Over the next few weeks, I will be writing on topics related to my latest book, Data Simplification: Taming Information With Open Source Tools (release date March 17, 2016). I hope I can convince you that this is a book worth reading. Blog readers can use the discount code: COMP315 for a 30% discount, at checkout.Yesterday's blog covered lists of single words. Today we'll do doublets. Doublet lists (lists of two-word terms that occur in common usage or in a body of text) are a highly underutilized resource. The special value of doublets is that single word terms tend to have multiple meanings, while doublets tend to have specific meaning.
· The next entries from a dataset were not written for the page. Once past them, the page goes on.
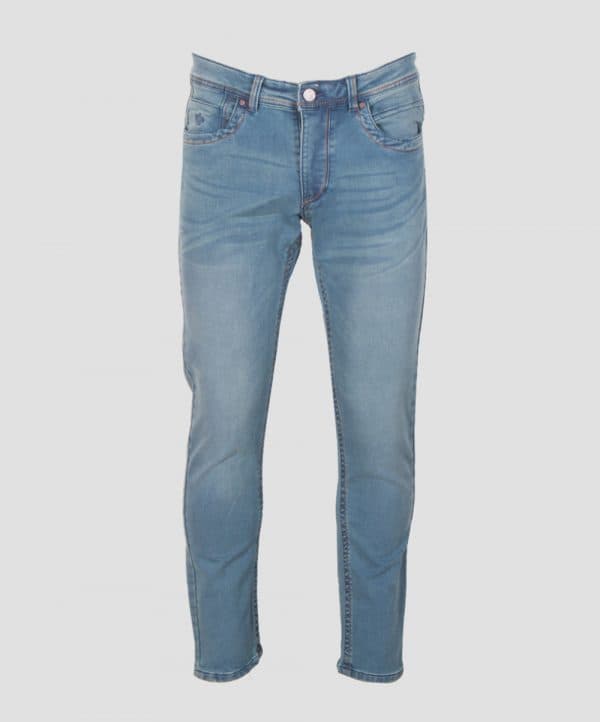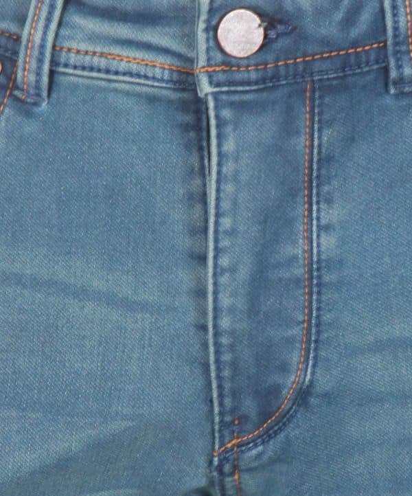 Men’s blue denim pants in denim fabric. All over solid blue washed body, contrast stitch on pocket and waist sidelines, metal button, adjustable elastic on waist, and basic five pockets.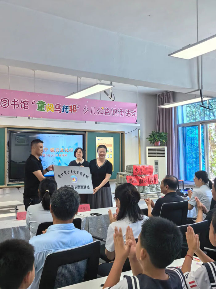 与此同时,“小浪花图书漂流驿站”在西市区实验小学正式建立。少儿图书馆与学校签订了流通协议,明确了双方的权利和义务,确保图书能够定期更新、流通顺畅。在热烈的掌声中,营口市文化旅游事业发展服务中心主任赵冬梅为西市区实验小学授予了“小浪花”图书漂流驿站牌匾。这块牌匾不仅是一份荣誉,更是一份责任,它标志着西市区实验小学成为了省内优秀公共文化资源共享的重要一站,后续我们将为孩子们提供更加丰富、多元的阅读资源。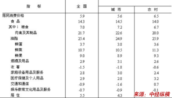 居民消费价格比上年上涨5.9%,其中食品价格上涨14.3%。固定资产投资价格上涨8.9%。工业品出厂价格上涨6.9%,其中生产资料价格上涨7.7%,生活资料价格上涨4.1%。原材料、燃料、动力购进价格上涨10.5%。农产品生产价格上涨14.1%。农业生产资料价格上涨20.3%。70个大中城市房屋销售价格上涨6.5%,其中新建住宅价格上涨7.1%,二手住宅价格上涨6.2%;房屋租赁价格上涨1.4%。

Here are a few examples: The word "rose" can mean the past tense of rise, or the flower. The doublet "rose garden" refers specifically to a place where the rose flower grows. The word "lead" can mean a verb form of the infinitive, "to lead", or it can refer to the metal. The term "lead paint" has a different meaning than "lead violinist". Furthermore, every multiword term of length greater than two can be constructed with overlapping doublets, with each doublet having a specific meaning. For example, "Lincoln Continental convertible" = "Lincoln Continental" + "Continental convertible". The three words, "Lincoln", "Continental", and "convertible" all have different meanings, under different circumstances. But the two doublets, "Lincoln Continental" and "Continental Convertible" would be unusual to encounter on their own, and produ...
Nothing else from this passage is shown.